プラスチック製容器包装のうち、最も使用量が多い宅配用内袋(約8,380トン)の回収率は27.8%にとどまっています。

生協事業ならびに組合員家庭から生じる食品廃棄物・食品ロスの削減を進めます

生協は食品廃棄物の発生抑制とリサイクルに努め、事業からの食品廃棄物を2030年に2018年度比で50%削減することを目指しています。2024年度の食品廃棄物の処分量は2018年度比で26.0%削減しました。モニタリング指標としている食品廃棄物発生量は2018年度比で79.4%、食品リサイクル率は77.3%という結果でした。
また、食品廃棄物の発生抑制とともに安心してくらし続ける地域社会づくりのため、フードバンクへ食品を提供しています。このほか、組合員家庭での食品ロス削減に貢献するため、フードドライブを店舗や宅配センター、店頭イベントにて実施しています。

フードバンクからの寄贈先例
  • 社会福祉協議会
  • 福祉施設
  • 子ども食堂
  • NPO法人
  • 高齢者・児童・障がい・母子等支援団体
  • 生活困難者支援施設
  • ホームレス支援団体

人権尊重と生物多様性保全

バリューチェーン全体において人権尊重の取り組みを進めます

持続可能な社会を実現する上で、生協は事業・活動に関わるすべての人の人権を尊重します。国連の「ビジネスと人権に関する指導原則」をふまえ、人権を理解し、人権方針の策定と人権デュー・ディリジェンスを実施し、グリーバンスメカニズム(苦情処理・問題解決の仕組み)の構築を進めます。そして、組合員、取引先などのステークホルダーと協働して、人権が尊重される持続可能な社会の実現に貢献する取り組みを広げていきます。
2025年度までに5生協が人権方針を策定・公表し、人権デュー・ディリジェンスとして人権リスクの洗い出しやリスクマッピングの作成を始めました。また9つの生協が、人権リスクの防止・軽減策として第三者認証付商品の調達や労働環境の改善を行っています。

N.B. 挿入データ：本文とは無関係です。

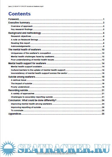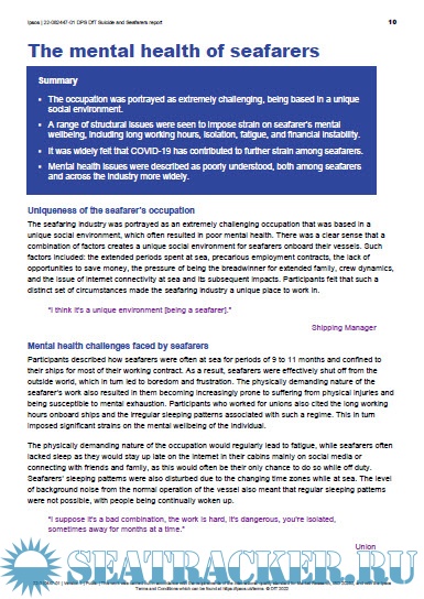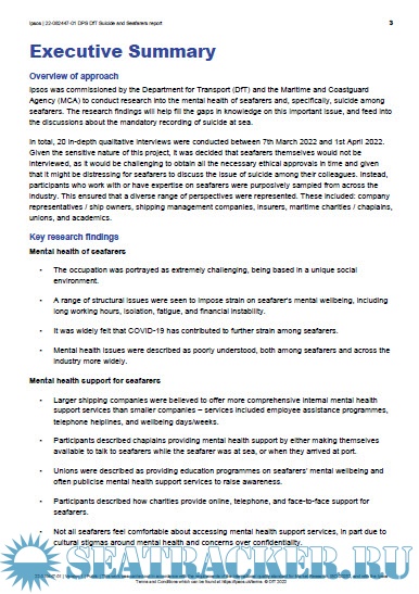 Additional info: Ipsos was commissioned by the Department for Transport (DfT) and the Maritime and Coastguard Agency (MCA) to conduct research into the mental health of seafarers and, specifically, suicide among seafarers. The research findings will help fill the gaps in knowledge on this important issue, and feed into the discussions about the mandatory recording of suicide at sea.

自然の豊かさを未来につなぐ環境保全活動と、生物多様性保全に向けた事業を進めます

地球の気候や土壌、そこに生きる生態系を損ねることなく、かけがえのない自然を将来世代に残していくため、生協は環境保全活動と事業の両面においてネイチャーポジティブに向けた取り組みを進め、自然共生社会の実現を目指します。
日本生協連のコープ商品では、2021年度に「責任ある調達基本方針」と水産物やパーム油等に関する「コープ商品の2030年目標」を策定しました。会員生協では、2024年度までに「責任ある調達(CSR調達)」方針を策定・公表した生協が23生協あり、うち19生協は取引先や組合員、NGOなど必要なステークホルダーに説明・対話を行っています。また、13生協が調達目標を設定しています。
組合員との環境保全活動では21の生協が植樹活動を展開しており、のべ植樹本数が10万本を超える生協もあります。また、24の生協が地域の環境保全等に寄与することを目的に環境基金を設置しています。SDGsやエシカル消費、生き物調査等をテーマにしたイベントや学習会が60生協で実施されました。